There is nothing automatic about this, however. Just as the cooperative has to craft products
and services that meet the needs of members in order to achieve its economic objectives, so
too does it have to craft appropriate policies and strategies that can fulfill its social objectives.
In other words, it is not enough for the cooperative to serve the economic needs of members; it
has also to ensure that that service contributes to their well-being.
In practical terms, what this means is: when a loan is given to a member, the cooperative has to
ensure that that loan contributes to improving the life of that member.
Which leads us to the second reason for the apparent gap between economic and social
performance: Cooperatives tend to separate the economic objectives from the social
objectives. It is as if these two objectives are independent of each other. This has given way to
what can be described as CSR mentality among cooperatives.
In the corporate world, where profit is the primary reason for investing ones money, corporate
social responsibility is a mechanism for sharing part of that profit for the good of society. To be
sure, there are companies that are genuinely interested in giving back to society. But as one
businessman once said, CSR is good business. It promotes the good image of the company.
It is the same kind of thinking when cooperatives focus on making profit and give away part of
it in scholarships, medical missions, environmental projects, and various contributions to the
community. One hand gets and the other gives.
This thinking has made cooperatives no different, in principle and in fact, from other forms of
businesses. Unfortunately, this is how cooperatives are perceived right now by the public,
perhaps even by their own members.
In noting the apparent drift of some cooperatives towards the capitalist or investor-owned
forms of enterprise, Dr. Alexander F. Laidlaw in his book, Cooperatives in the Year 2000, wrote:
There are gnawing doubts about the true purpose of cooperatives and whether they are
fulfilling a distinct role as a different kind of enterprise. He may as well have written about
cooperatives in the Philippines at the present time.
A Call for Rebalancing
There is now a need to rebalance the economic and social performance of cooperatives. It
starts with the recognition that cooperatives have to achieve both economic and social
objectives, not one or the other. It is not the case of one set of objectives being more
important than the other. Neither is it a question of what comes first the economic or the
social? The cooperative has to achieve both and at the same time.
Going back to the point made about loans availed of by members. When such loans, or any
loan for that matter, are given to members, the cooperative has to ensure that those loans
ease the financial burden of members, or increase their income, or improve their productivity.
In other words, members become better off, economically and socially, because of the services
they receive from the cooperative.
Rebalancing implies a change in mindset on the part of coop officers, managers and staff.
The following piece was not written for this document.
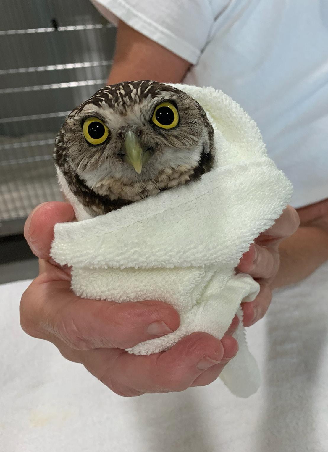 This fledgling great horned owl, treated at the von Arx Animal Hospital, will grow to develop a wingspan of up to five feet.

It is a
mindset that moves away from treating members like clients, and from engaging in purely
transactional relationship with them. It is a mindset that moves away from regarding loans as
purely a contractual arrangement between members and the cooperative. Rather, it is a
mindset that sees constructive engagement with members both as a challenge and a reward.
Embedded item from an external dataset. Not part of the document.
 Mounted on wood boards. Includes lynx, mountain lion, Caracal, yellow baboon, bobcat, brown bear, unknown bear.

Rebalancing also implies a change in the cooperatives business strategy away from competing
with banks and other financial institutions by simply emulating what they do. Savings and
credit cooperatives will find a hard time matching the resources and capacity of the banks
(unless they acquiesce to becoming poor cousins of the bank). Rebalancing means recognizing
that the cooperatives unique strength comes from their very nature as value-based socio-
economic enterprises. And as a competitive strategy, they can differentiate themselves more
effectively by enriching their economic services with social value.
Perhaps it is time for coop officers, managers and staff to think of the economic goals and the
social goals of the cooperative as two sides of the same coin.